### Task material
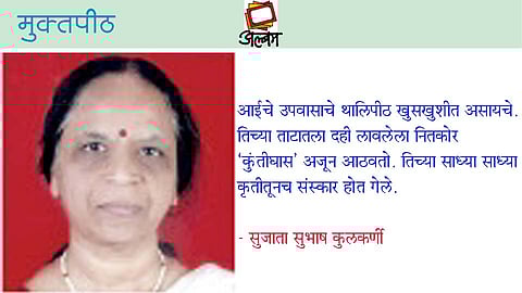 आईचे उपवासाचे थालिपीठ खुसखुशीत असायचे. तिच्या ताटातला दही लावलेला नितकोर "कुंतीघास' अजून आठवतो. तिच्या साध्या साध्या कृतीतूनच संस्कार होत गेले.
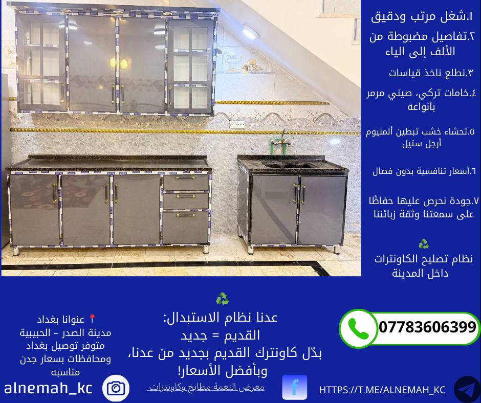 💎 مطابخ فخمة | مطابخ شقق | مطابخ حارة وباردة 🔹 تفصيل على الذوق – بأعلى المواصفات 🛠️ الأسعار حسب نوع المادة: ♻️ نظام استبدال الكاونتر القديم بالجديد متوفر 🧰 خدماتنا تشمل: ✅ كادر متخصص لأخذ القياسات بدقة ✅ كادر تركيب (شدّ) الكاونترات ✅ كادر نقل وتصعيد – حتى الطوابق العليا ✅ توصيل إلى بغداد وجميع المحافظات 📲 تواصل معنا الآن واحجز موعدك *********** 💬 نصمّم لك مطبخك على مزاجك – جودة، دقة، فخامة
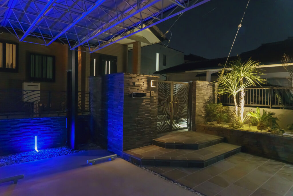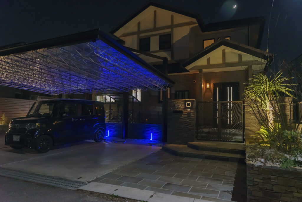 三協アルミのカーポート【M.シェード】の特徴的なトラス屋根に、L型埋込ライトの青い光が反射して美しい演出が出来ました。
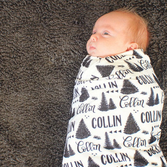 Personalized Swaddle - Pine forest in custom color
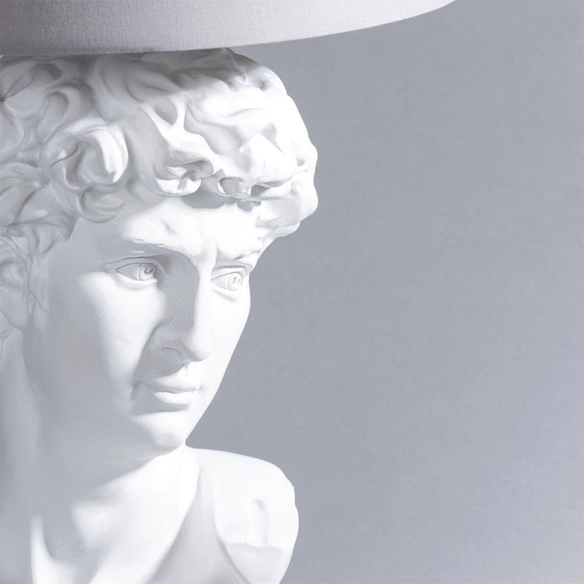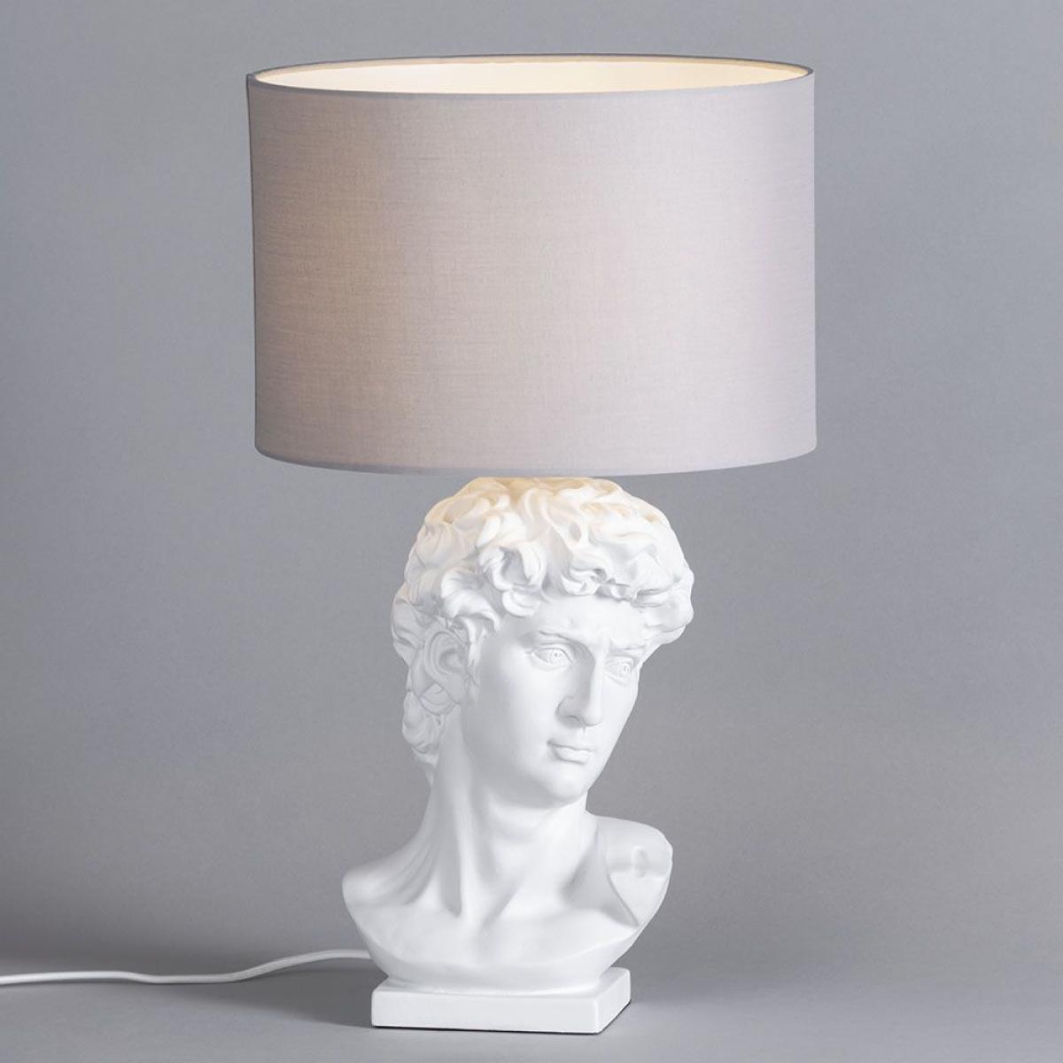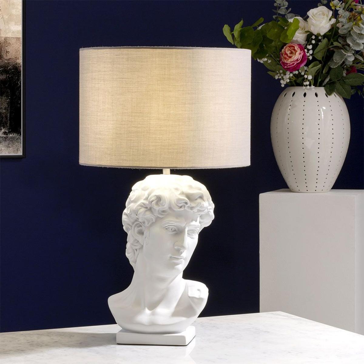 Welcome Frank Bust into your home; the traditional table lamp that will bring a hint of culture and style to your décor. This table lamp has a matte chalk white finish, creating a traditional, artistic aesthetic. The sculptured lamp base is made up of a detailed head that supports a stunning grey lamp shade which is the perfect choice for accentuating a simple grey colour scheme. This lamp would perfectly complement a home office or console table, where it would help invoke a light and relaxing environment.
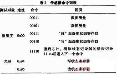 (2)地址與測試對象命令。該命令包含3個地址位和5個命令位,其後為應答ACK位,表示SHT11正確收到命令。傳感器命令列表,如表2所示。

### Task to carry out
Repeat each line of the records above exactly, but do not copy the pictures.

### Result of this exercise
 आईचे उपवासाचे थालिपीठ खुसखुशीत असायचे. तिच्या ताटातला दही लावलेला नितकोर "कुंतीघास' अजून आठवतो. तिच्या साध्या साध्या कृतीतूनच संस्कार होत गेले.
 💎 مطابخ فخمة | مطابخ شقق | مطابخ حارة وباردة 🔹 تفصيل على الذوق – بأعلى المواصفات 🛠️ الأسعار حسب نوع المادة: ♻️ نظام استبدال الكاونتر القديم بالجديد متوفر 🧰 خدماتنا تشمل: ✅ كادر متخصص لأخذ القياسات بدقة ✅ كادر تركيب (شدّ) الكاونترات ✅ كادر نقل وتصعيد – حتى الطوابق العليا ✅ توصيل إلى بغداد وجميع المحافظات 📲 تواصل معنا الآن واحجز موعدك *********** 💬 نصمّم لك مطبخك على مزاجك – جودة، دقة، فخامة
 三協アルミのカーポート【M.シェード】の特徴的なトラス屋根に、L型埋込ライトの青い光が反射して美しい演出が出来ました。
 Personalized Swaddle - Pine forest in custom color
 Welcome Frank Bust into your home; the traditional table lamp that will bring a hint of culture and style to your décor. This table lamp has a matte chalk white finish, creating a traditional, artistic aesthetic. The sculptured lamp base is made up of a detailed head that supports a stunning grey lamp shade which is the perfect choice for accentuating a simple grey colour scheme. This lamp would perfectly complement a home office or console table, where it would help invoke a light and relaxing environment.
 (2)地址與測試對象命令。該命令包含3個地址位和5個命令位,其後為應答ACK位,表示SHT11正確收到命令。傳感器命令列表,如表2所示。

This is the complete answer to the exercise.